Videos will be available to stream and download from this page as they become available.
Currently available in the #PWNCares series:
#1. Living & Loving Well with HIV (released Oct. 23, 2017), featuring Tiommi Luckett, Venita Ray and Teresa Sullivan. Women living with HIV experience intimate partner violence (IPV) at twice the rate of women in the general population, and women in abusive relationships are 48% more likely to acquire HIV. Hear from survivors of intimate partner violence and HIV and explore the intersections of HIV, IPV and structural violence. Watch below and visit this page for a downloadable version and more resources:
#2. Undetectable=Untransmittable (released November 28, 2017), featuring Stacy Jennings, Shyronn Jones and Tiommi Luckett. Did you know that a person living with HIV who maintains an undetectable viral load through adherence to their prescribed medications CANNOT transmit HIV to their sexual partners–even without condoms? This changes everything. Undetectable=untransmittable (U=U) can and should change the way we think about health, prevention, transmission risk, intimacy, sex, reproductive options and more. Yet far too many people living with HIV are still not being told by their health care providers, including HIV specialists, what the top HIV researchers have known for years. In the video, you will meet Stacy, Shyronn and Tiommi, all women living with HIV, as they share what U=U has meant for them and how it has changed the way they look at HIV, relationships and themselves.

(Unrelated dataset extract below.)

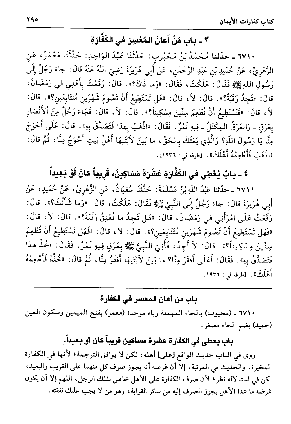 روى في الباب حديث الواقع [على] أهله، لكن لا يوافق الترجمة؛ لأنها في الكفارة المخيرة، والحديث في المرتبة، إلا أن غرضه أنه يجوز صرف كل منهما على القريب والبعيد، لكن في استدلاله نظر؛ لأن صرف الكفارة على الأهل خاص بذلك الرجل، اللهم إلا أن يكون غرضه ما عدا الأهل يجوز الصرف إليه من سائر القرابة، وهو من لا يجب عليك نفقته.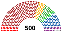The Chamber of Deputies is composed of 500 seats, elected from 300 single-member federal electoral districts and 40 apiece from five proportional representation electoral regions.

Watch below and visit this page for a downloadable version and more resources:
More About #PWNCares, an Interactive Multimedia Series by and for Women Living with HIV
The new initiative, featuring a series of short videos in which real women living with HIV address important topics, followed by virtual coffee table chats offering real-time conversation and Q&A, launched October 23Who should I tell? How is my life going to change? Can I still have children? What does this mean for dating? An HIV diagnosis leads to hundreds of questions that cannot be answered by a prescription alone. With a generous Positive Action for Women grant from ViiV Healthcare, Positive Women’s Network – USA, the premiere membership organization of women living with HIV in the U.S., is combining the wisdom and expertise that come from lived experience with multimedia technology to connect and support recently diagnosed and/or isolated women living with HIV as they seek answers through our new project, #PWNCares.
In a series of short videos, women with HIV, including women of trans experience, share their experiences, wisdom they have learned through years of living with the virus and encouragement for women who are struggling with their diagnosis.
Following release of each video, the stars of each film will also lead web-based “coffee table conversations” where they can talk directly to participants online. Participants will be able to ask questions confidentially, share concerns, get advice from peers, and find support and resources to help them move forward.
The videos, which will be available on YouTube as well as in a downloadable format through PWN-USA’s website, will be accompanied by a discussion guide for use in support groups or educational settings. PWN-USA will be working with media partners, AIDS service organizations, medical providers, and community-based organizations to disseminate the series and reach women who can most benefit from it.
“As peer-led services for people with HIV are disappearing, we are thrilled to launch #PWN Cares, which will fill a critical gap: supporting women living with HIV during moments of isolation,” said Naina Khanna, executive director of PWN-USA. “Feeling alone is a major barrier to engagement and retention in care. Many women, especially outside of major urban centers, may not know any other women living with HIV. Our goal is to provide them the tools, knowledge and support they need to make healthy decisions for themselves and live life to the fullest – while also offering a pathway into a national community of women living with HIV.”
“I’m pleased to be able to share my experiences living in and getting out of an abusive relationship with other women living with HIV, in hopes that they may be able to recognize red flags early and avoid falling into the same trap,” said Venita Ray, who is featured in the first video. “I hope that the women living with HIV who watch the video and participate in the online conversation will walk away understanding that living with HIV does not make them any less entitled to a healthy, supportive relationship and intimacy than anyone else, or than they were before their diagnosis.”